WASHINGTON/ISLAMABAD: Noting that Pakistan’s economy is showing signs of improvement, the International Monetary Fund has reported a “better-than-expected” GDP growth in the country.

The IMF also pointed in a report issued on Sunday that Pakistan had met nearly all of its quantitative performance markers and its reform programme remained broadly on track.

“Pakistan’s economy is showing signs of improved economic activity. Services and manufacturing are driving better-than-expected GDP growth, as reforms in the electricity sector seem to be bearing fruit with electricity shortages and unscheduled loadshedding declining,” the report observed.

Pakistan signed a $6.7 billion loan with the IMF in September, less than six years after the country’s last IMF bailout, mainly to repay the institution nearly $5 billion that Islamabad still owes.

Under the agreement, the IMF conducts periodic reviews to approve instalments of $550 million spread out over three years. So far Pakistan has received two instalments totalling nearly $1.1bn. The third instalment is up for consideration in late March.

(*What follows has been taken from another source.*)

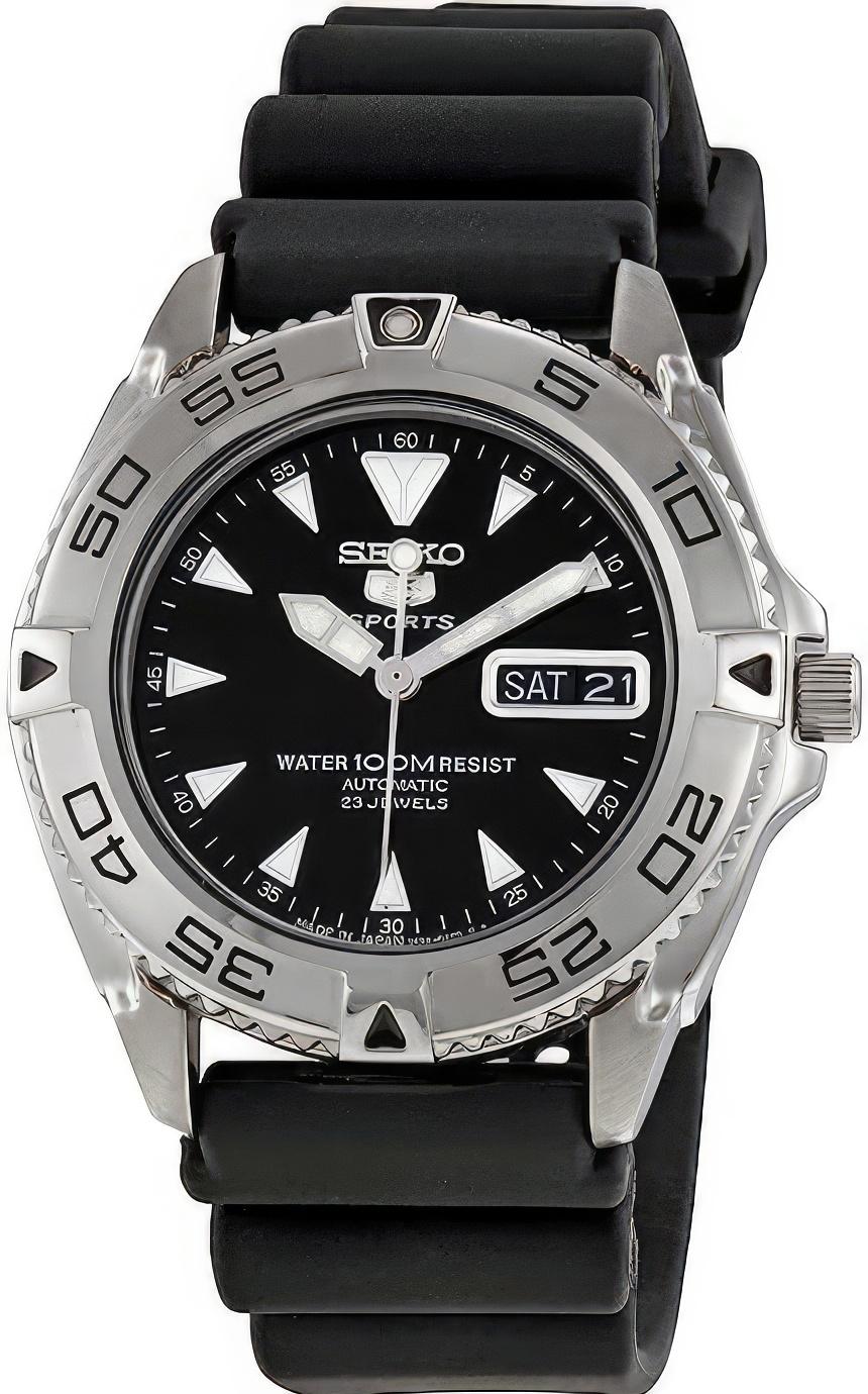 Мужские наручные часы Seiko Seiko 5 Sports SNZB33J2. Механические с ручным подзаводом. Полимерный ремешок. Натуральный полимерный материал является идеальным для изготовления ремешка благодаря своей чрезвычайной прочности и гибкости. Браслет из нержавеющей стали. Прочное, устойчивое к царапинам минеральное стекло защищает часы от повреждений. На циферблате отображается текущее число месяца и день недели. Часы являются водонепроницаемыми до 10 Бар. Цвет циферблата: Серебристый. Цвет корпуса: Черный. На стрелки и отметки нанесен светонакопительный состав, благодаря этому считывать информацию с циферблата возможно и в темноте. Толщина: 11 мм. Гарантия: 2 года.

To secure the loan, Pakistan committed to a reform-package designed to increase growth and improve financial stability. A dangerously low foreign currency reserve of $8.3bn and other weakness continue to keep the national economy unstable.

An IMF staff mission met Pakistani officials in Dubai from Feb 1 to 9 for discussions on the second review of Pakistan’s IMF-supported programme under the Extended Fund Facility.

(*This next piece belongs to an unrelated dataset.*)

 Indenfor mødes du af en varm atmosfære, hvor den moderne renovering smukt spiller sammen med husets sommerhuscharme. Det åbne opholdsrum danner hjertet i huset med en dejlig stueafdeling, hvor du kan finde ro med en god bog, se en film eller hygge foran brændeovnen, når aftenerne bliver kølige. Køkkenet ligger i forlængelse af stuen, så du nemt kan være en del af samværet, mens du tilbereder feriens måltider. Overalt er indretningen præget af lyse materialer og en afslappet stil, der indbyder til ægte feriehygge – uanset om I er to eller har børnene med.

Finance Minister Ishaq Dar led the Pakistani team, which included acting Governor State Bank of Pakistan Ashraf Wathra, Finance Secretary Dr Waqar Masood Khan and other senior officials.

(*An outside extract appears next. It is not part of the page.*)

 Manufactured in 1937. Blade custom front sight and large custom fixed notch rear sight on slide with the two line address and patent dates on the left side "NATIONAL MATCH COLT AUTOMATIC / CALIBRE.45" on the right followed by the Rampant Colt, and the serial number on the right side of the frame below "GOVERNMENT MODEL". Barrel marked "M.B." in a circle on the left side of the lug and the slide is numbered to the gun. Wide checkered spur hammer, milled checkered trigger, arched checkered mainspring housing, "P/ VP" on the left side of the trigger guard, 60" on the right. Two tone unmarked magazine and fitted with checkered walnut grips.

At the conclusion of the mission, the head of the IMF team, Jeffrey Franks, said that they were encouraged by the overall progress made in pushing ahead with policies to strengthen macroeconomic stability and reviving economic growth.

“Led by large-scale manufacturing and service sectors, growth is picking up and is now expected to reach about 3.1 per cent for fiscal year 2013-14 as a whole, compared to the earlier estimate of 2.8pc,” he said.

“Fiscal performance continued on track in the second quarter of 2013-14, with initial consolidation efforts relying on revenue mobilisation and reduction in energy subsidies.”

The IMF report, however, pointed that on the external side “pressures on the balance of payments were likely to persist for some months”. But it also noted that the SBP had continued its efforts to rebuild reserve, and the foreign exchange market had stabilised.

“The authority’s reform programme remains broadly on track, with the government meeting all of the quantitative performance criteria by end December 2013, with the exception of the targets on SBP’s net swap/forward positions and the ceiling on government borrowing from SBP,” Mr Franks said.

At the Dubai meeting, Pakistani officials reaffirmed their commitment to adopt the necessary corrective actions, including measures to improve the financing of government debt through a medium-term strategy of institutional development and deepening of the government’s securities market.

Progress on the unwinding of the SBP’s swap/forward positions to reach programme limits is under way, and progress on this front is satisfactory so far. “The mission recognises the authorities’ resolve to pursue agreed structural reforms to enhance medium-term growth prospects and rebuild foreign exchange reserves to underpin investor confidence,” Mr Franks said.

He emphasised that timely implementation of reform measures articulated in the National Energy Policy was of high priority in ensuring affordable and reliable supply of energy.

Recognising that fixing Pakistan’s energy problem calls for a medium-term strategy of sustained reform, Pakistani authorities agreed to press forward with efforts to improve energy sector governance, promote private investment in electricity power generation and modernisation, and transition to a market-based system of gas pricing.

The mission noted that the government’s privatisation agenda remained on track with capital market transactions for some companies, investments by strategic investors in others, and restructuring to improve resource allocation and limit poor performance.

The IMF reminded Pakistani authorities that “decisive efforts” to broaden the tax net through the elimination of tax exemptions and loopholes granted through statutory regulatory orders were critical to the future of Pakistan’s economy.

“Protecting the most vulnerable from the direct and indirect impact of fiscal adjustment continues to be a priority of the IMF as well as the government of Pakistan,” Mr Franks said.

To that end, the mission acknowledged the government’s efforts to deepen its support to the poor through expanding the Income Support Programme, and other mechanisms. The IMF also welcomed Pakistan’s commitment to upgrade the delivery system to ensure timely payments to 4.9 million eligible families.

The IMF mission staff will prepare a report for the IMF executive board on the second review under Pakistan’s EFF that is tentatively scheduled for consideration in late-March, 2014. Upon approval, about $550 million would be made available to Pakistan.